Particularly, is it available in form. And my third question is about privacy related matters. You collect the data and then what mechanism do you use to make the data anonymous so privacy reserving. Those are three questions I would like you to answer. Thank you.

>> ROWENA SCHOO: Thank you for those questions. Really great section. So something around methodology. The format of the data and also privacy. So to give you more context. The way that the methodology works, we, collabs out of the University. In just a number of existing threat feeds, from sources that provide these lists either for fairly low or no cost, there's a list of those in our methodology. Those lists are then ingested and go through, essentially, a filter where collabs do certain things. They remove what we call special domains. Special domains are things like something like Google Docs which would be appropriate to act at the DNS level if there were issues. One of the other things they do is take screen shots so there's evidence.

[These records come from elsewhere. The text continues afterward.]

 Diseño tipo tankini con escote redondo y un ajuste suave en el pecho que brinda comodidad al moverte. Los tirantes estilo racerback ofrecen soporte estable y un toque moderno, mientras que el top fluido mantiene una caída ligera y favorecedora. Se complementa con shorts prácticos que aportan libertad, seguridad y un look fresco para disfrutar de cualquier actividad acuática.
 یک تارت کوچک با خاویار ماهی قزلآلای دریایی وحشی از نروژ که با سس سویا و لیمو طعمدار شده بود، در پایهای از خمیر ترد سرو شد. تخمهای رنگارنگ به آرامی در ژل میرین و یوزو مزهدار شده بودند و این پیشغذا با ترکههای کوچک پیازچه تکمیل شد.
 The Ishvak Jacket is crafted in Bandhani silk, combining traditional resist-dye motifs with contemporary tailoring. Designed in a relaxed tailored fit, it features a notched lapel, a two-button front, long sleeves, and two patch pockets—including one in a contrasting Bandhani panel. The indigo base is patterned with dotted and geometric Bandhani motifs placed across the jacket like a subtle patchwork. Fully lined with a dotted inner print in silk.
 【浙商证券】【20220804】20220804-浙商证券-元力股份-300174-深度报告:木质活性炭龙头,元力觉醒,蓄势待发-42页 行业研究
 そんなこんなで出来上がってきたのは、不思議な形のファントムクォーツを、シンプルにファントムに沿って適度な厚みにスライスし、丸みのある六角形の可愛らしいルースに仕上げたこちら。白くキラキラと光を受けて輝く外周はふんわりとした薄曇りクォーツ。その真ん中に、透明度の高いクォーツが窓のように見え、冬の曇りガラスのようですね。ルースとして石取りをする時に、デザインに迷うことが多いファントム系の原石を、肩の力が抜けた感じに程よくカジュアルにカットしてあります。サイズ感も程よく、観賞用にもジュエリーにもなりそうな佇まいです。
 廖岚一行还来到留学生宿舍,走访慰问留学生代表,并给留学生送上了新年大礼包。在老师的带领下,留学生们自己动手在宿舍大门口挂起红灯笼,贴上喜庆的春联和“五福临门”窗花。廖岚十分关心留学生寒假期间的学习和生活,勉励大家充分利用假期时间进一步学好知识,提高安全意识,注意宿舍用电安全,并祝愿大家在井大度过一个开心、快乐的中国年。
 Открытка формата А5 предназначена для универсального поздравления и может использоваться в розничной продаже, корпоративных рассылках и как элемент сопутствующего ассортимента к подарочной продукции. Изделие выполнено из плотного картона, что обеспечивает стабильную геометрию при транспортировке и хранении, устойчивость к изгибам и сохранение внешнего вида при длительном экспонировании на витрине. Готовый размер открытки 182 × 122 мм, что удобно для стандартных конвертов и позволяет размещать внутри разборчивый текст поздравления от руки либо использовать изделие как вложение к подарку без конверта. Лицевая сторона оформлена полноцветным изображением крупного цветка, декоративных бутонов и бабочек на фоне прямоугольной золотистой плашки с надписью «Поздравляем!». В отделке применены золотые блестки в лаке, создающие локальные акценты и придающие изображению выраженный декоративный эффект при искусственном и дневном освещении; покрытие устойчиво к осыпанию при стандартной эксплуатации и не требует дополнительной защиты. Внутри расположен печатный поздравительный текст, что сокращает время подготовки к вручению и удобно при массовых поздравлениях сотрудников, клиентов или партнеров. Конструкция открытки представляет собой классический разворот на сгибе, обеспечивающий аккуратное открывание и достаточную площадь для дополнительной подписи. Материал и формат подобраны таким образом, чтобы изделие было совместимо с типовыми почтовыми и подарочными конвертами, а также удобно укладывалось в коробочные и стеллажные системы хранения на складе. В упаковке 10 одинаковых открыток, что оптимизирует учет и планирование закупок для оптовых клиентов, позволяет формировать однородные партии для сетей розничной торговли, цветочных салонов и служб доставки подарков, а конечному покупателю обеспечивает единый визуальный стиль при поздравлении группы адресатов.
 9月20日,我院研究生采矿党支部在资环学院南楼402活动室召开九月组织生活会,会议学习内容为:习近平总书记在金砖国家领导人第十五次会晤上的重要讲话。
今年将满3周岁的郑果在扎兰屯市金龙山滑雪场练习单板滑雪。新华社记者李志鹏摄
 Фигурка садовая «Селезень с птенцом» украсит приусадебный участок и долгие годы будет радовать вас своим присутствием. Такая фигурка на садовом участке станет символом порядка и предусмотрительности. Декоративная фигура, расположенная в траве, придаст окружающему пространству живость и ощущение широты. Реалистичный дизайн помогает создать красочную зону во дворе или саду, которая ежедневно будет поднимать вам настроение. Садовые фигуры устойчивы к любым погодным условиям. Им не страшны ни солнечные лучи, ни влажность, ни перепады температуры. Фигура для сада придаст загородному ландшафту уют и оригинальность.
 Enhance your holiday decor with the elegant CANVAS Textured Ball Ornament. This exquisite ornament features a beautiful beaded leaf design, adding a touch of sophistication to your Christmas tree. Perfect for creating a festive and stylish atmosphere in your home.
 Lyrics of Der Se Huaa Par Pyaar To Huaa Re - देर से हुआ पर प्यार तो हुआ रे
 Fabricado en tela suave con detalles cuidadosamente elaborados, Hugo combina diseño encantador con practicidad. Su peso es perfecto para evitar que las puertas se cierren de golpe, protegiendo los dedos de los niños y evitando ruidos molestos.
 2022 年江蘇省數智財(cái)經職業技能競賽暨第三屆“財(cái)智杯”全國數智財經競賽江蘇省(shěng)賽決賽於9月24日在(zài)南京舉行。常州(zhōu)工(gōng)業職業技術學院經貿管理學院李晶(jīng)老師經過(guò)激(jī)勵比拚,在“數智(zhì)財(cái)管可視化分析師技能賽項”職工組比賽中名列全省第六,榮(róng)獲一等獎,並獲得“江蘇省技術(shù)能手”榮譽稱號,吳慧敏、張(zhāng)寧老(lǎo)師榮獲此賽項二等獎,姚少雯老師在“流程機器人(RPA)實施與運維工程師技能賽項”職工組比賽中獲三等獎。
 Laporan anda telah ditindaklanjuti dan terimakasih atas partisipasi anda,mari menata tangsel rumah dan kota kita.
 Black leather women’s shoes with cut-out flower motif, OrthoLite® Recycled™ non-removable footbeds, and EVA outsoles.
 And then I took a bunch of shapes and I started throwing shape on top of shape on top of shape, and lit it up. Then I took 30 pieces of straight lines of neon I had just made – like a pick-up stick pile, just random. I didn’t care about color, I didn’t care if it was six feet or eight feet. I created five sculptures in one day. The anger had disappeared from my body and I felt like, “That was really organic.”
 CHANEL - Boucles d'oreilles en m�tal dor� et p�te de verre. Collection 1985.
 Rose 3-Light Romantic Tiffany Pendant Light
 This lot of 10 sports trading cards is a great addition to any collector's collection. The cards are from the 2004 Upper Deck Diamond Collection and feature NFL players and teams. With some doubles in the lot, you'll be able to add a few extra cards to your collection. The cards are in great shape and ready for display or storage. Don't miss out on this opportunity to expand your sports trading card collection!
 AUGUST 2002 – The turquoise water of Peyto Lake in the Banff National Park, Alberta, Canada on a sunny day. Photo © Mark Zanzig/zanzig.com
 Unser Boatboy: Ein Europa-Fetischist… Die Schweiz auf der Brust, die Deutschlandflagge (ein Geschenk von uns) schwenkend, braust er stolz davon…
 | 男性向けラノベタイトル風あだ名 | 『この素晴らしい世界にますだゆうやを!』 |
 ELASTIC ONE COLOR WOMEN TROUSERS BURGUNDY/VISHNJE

And they also take something that is kind of like a digital fingerprint of a variety of attributes related to the domain name at that point in time. That digital fingerprint that is checked to see if mitigation has happened and that feeds into the determination of whether the domain name is malicious or compromised. We provide those charts. The charts are interactive. We don't provide the under lying domain names to everyone. If people are interested in seeing those, they can approach the providers. We list out who they are. That's something the registrars can do if they are interested in receiving those domain names which they can investigate and consider whether action is appropriate within their control. In terms of the privacy question. There isn't any personal data collected in this project. So we don't have to anonMIEZ it. We don't collect personal data. I hope that answers all three. If not, let me know.

>> We have nodding in the room. So thank you. That answers great. And, yeah, any questions online?

Thank you, Rowena. Very interesting.

>> ROWENA SCHOO: Thank you. And thank you for bearing with us through a few technical issues.

>> Okay. Thanks. We'll end the session and see you soon.

>> ROWENA SCHOO: Wonderful. Thanks, everyone.